About
kianna (she/they) is a Black feminist environmental anthropologist, ethnographer, and story-collector whose work explores Black land relations, environmental justice, memory, and belonging. ki’s research asks how Black people cultivate care, kinship, and possibility on lands shaped by settler colonialism, racial capitalism, and ecological crisis.
Her dissertation—currently in progress—draws on interviews, participant observation, archival fragments, poetry, and personal narrative to trace how Black-identifying individuals in Seattle and beyond are reimagining relationships with land. From gardening and mountain summiting to organizing and building intergenerational community, these practices reveal everyday forms of refusal, resilience, and repair.
kianna’s scholarly work is grounded in Black feminist, anticolonial, and Earth-based traditions. She is especially influenced by thinkers like Katherine McKittrick, Zora Neale Hurston, Saidiya Hartman, Sylvia Wynter, and Alexis Pauline Gumbs, and is committed to research that is embodied, accountable, and oriented toward collective liberation.

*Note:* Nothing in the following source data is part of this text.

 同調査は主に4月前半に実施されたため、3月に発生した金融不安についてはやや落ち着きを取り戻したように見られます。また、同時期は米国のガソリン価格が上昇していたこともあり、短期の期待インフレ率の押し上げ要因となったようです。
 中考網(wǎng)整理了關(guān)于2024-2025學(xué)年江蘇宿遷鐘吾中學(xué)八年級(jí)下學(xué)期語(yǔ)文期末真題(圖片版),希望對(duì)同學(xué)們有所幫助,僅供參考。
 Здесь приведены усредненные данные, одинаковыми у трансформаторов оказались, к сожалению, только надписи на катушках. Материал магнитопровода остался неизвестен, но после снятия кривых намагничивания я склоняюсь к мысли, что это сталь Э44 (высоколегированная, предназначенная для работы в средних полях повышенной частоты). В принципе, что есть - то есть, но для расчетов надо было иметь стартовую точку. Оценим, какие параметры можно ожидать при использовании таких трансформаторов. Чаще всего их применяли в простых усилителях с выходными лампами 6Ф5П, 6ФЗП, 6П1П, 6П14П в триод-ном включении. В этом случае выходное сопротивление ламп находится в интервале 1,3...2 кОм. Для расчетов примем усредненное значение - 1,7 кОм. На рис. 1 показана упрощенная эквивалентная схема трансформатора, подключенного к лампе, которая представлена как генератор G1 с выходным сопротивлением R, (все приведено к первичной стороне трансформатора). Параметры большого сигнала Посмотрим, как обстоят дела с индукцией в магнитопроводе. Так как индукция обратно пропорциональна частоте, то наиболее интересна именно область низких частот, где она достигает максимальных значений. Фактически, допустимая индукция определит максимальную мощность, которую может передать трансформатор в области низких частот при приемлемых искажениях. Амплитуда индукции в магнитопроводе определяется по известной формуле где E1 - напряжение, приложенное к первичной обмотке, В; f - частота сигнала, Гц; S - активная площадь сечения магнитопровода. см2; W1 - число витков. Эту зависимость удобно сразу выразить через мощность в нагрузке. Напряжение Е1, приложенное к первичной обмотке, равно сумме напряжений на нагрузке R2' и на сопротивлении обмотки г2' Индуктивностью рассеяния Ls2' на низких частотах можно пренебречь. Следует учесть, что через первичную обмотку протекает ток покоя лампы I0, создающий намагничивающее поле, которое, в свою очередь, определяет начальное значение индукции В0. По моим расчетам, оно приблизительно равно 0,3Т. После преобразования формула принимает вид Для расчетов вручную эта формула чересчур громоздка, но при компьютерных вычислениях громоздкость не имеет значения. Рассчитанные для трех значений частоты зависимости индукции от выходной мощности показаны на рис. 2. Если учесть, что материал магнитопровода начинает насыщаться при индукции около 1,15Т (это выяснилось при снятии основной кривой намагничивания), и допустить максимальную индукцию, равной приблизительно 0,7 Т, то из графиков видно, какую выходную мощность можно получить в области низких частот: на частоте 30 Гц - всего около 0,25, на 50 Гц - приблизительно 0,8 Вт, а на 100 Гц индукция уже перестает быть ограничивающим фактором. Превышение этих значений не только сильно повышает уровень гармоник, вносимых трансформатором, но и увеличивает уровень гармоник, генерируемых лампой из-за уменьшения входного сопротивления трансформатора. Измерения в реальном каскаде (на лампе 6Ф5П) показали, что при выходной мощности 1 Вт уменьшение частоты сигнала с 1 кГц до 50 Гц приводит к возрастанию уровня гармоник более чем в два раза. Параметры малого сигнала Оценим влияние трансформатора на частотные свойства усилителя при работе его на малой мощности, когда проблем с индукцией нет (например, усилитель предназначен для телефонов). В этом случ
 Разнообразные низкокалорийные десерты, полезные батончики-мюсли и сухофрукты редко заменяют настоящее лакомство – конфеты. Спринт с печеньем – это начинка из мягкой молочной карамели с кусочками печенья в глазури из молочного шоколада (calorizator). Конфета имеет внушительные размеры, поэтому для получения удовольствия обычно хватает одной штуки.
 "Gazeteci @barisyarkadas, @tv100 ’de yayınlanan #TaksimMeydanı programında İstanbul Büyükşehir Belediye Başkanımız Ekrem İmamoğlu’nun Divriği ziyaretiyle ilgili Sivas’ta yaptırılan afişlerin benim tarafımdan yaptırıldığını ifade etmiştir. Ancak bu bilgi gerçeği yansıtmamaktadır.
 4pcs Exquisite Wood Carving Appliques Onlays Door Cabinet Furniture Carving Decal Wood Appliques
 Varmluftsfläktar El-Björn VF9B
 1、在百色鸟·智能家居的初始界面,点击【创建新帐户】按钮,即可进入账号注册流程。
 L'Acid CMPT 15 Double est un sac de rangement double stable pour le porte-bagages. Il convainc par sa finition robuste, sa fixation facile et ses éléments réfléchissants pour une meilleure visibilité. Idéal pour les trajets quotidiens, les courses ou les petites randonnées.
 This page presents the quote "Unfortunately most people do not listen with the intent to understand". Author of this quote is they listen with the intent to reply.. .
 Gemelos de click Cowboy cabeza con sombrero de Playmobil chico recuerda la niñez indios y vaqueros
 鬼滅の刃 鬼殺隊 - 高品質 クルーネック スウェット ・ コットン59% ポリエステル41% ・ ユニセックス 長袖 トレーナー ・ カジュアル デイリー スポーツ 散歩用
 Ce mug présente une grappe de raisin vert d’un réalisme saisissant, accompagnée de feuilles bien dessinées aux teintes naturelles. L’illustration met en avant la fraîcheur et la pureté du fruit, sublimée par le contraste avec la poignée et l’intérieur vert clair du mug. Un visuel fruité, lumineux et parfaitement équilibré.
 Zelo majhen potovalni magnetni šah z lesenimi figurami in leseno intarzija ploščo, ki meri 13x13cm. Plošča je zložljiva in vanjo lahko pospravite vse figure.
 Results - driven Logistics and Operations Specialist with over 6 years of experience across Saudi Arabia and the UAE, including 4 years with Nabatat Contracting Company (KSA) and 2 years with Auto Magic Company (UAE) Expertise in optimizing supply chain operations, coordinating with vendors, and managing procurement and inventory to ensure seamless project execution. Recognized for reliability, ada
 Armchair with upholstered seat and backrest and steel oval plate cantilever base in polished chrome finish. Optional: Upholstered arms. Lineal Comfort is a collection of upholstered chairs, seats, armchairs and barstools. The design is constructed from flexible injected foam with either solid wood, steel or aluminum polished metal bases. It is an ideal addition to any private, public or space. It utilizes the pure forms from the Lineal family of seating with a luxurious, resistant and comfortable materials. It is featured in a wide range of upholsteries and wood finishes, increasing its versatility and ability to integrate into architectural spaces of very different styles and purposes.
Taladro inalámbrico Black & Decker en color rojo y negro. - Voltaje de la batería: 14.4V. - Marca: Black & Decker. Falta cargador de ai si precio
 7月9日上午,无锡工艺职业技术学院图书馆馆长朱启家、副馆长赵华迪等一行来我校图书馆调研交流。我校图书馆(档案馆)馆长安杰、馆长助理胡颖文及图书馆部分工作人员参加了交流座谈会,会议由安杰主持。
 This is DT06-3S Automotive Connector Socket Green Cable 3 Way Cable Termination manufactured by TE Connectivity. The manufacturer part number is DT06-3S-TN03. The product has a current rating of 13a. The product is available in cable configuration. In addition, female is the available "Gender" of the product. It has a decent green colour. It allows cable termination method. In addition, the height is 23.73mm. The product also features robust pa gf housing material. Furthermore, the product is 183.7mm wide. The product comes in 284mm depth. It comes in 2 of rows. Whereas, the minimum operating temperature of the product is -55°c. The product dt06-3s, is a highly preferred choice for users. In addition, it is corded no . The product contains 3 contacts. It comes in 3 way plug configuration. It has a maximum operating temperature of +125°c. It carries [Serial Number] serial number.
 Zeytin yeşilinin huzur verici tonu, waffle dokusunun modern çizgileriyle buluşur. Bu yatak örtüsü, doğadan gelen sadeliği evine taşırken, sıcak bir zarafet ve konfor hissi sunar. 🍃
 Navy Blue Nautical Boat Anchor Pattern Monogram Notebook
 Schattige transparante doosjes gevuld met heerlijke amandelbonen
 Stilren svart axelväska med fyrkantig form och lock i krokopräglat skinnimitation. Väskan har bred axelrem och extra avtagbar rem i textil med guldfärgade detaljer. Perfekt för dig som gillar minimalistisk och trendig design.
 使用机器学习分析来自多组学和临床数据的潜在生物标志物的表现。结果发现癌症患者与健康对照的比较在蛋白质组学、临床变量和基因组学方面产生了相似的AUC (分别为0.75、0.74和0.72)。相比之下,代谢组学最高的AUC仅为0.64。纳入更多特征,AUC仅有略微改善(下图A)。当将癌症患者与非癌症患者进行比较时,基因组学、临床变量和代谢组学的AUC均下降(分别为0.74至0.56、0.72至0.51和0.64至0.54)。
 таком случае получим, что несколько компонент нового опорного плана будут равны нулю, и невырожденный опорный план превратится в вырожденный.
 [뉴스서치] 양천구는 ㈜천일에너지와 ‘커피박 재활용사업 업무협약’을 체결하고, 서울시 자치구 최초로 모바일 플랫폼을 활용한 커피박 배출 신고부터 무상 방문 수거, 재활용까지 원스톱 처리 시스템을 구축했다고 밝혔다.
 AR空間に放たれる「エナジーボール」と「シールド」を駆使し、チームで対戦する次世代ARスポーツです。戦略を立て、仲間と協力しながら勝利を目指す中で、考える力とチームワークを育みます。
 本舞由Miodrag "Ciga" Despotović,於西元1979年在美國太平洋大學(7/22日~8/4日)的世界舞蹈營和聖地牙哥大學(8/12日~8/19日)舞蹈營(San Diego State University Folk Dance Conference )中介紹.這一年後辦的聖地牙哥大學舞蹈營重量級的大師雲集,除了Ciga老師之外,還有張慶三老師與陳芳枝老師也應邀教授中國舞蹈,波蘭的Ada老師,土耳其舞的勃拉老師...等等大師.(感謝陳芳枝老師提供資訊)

Beyond the academy, kianna facilitates public education programs, develops interpretive content for environmental centers, and collaborates with community organizations on projects centering BIPOC experiences in land stewardship and conservation. Her work often bridges disciplines, weaving together anthropology, creative writing, ancestral listening, and environmental humanities.
kianna is a mixed race Haitian American and the grand-daughter of two agriculturalist from very different worlds. She love being outdoors, walking, hiking, camping, tide-pooling, bird-watching, catnapping! Otherwise, I manically write, crochet, play video games, and collect earrings.
Research Interests:
Black ecologies, ethnography, land-based practices, ancestral memory, settler colonialism, environmental justice, place-based education, speculative methods
Creative Practices:
Poetry, essay writing, audio story collecting, public interpretation, slow archival work
Current Projects:
Dissertation on Black land-based sociality in the Pacific Northwest
Co-creation of a national alumni network for environmental justice fellows
Interpretive programming at the Cedar River Watershed Education Center
BIPOC-centered outdoor affinity groups and conservation initiatives
Education
PhD Sociocultural Anthropology, School of Anthropology, University of Arizona 2022-2026
MA Sociocultural Anthropology, School of Anthropology, University of Arizona 2019-2023
BA Anthropology and Environmental Studies, Rollings College, 2014-2018
DDCSP Conservation Scholars Program, University of Washington, 2016-2017
Publications
Dieudonné, K., D. Ibarra, D. Frinton, S. Kenyon, P. Sabholk, J. Schafroth, and M. Carney. (under revision). “Like Writing an End-of-Term Paper, Together”: Reflections on Mobilizing a Collective Pedagogy. Transforming Anthropology.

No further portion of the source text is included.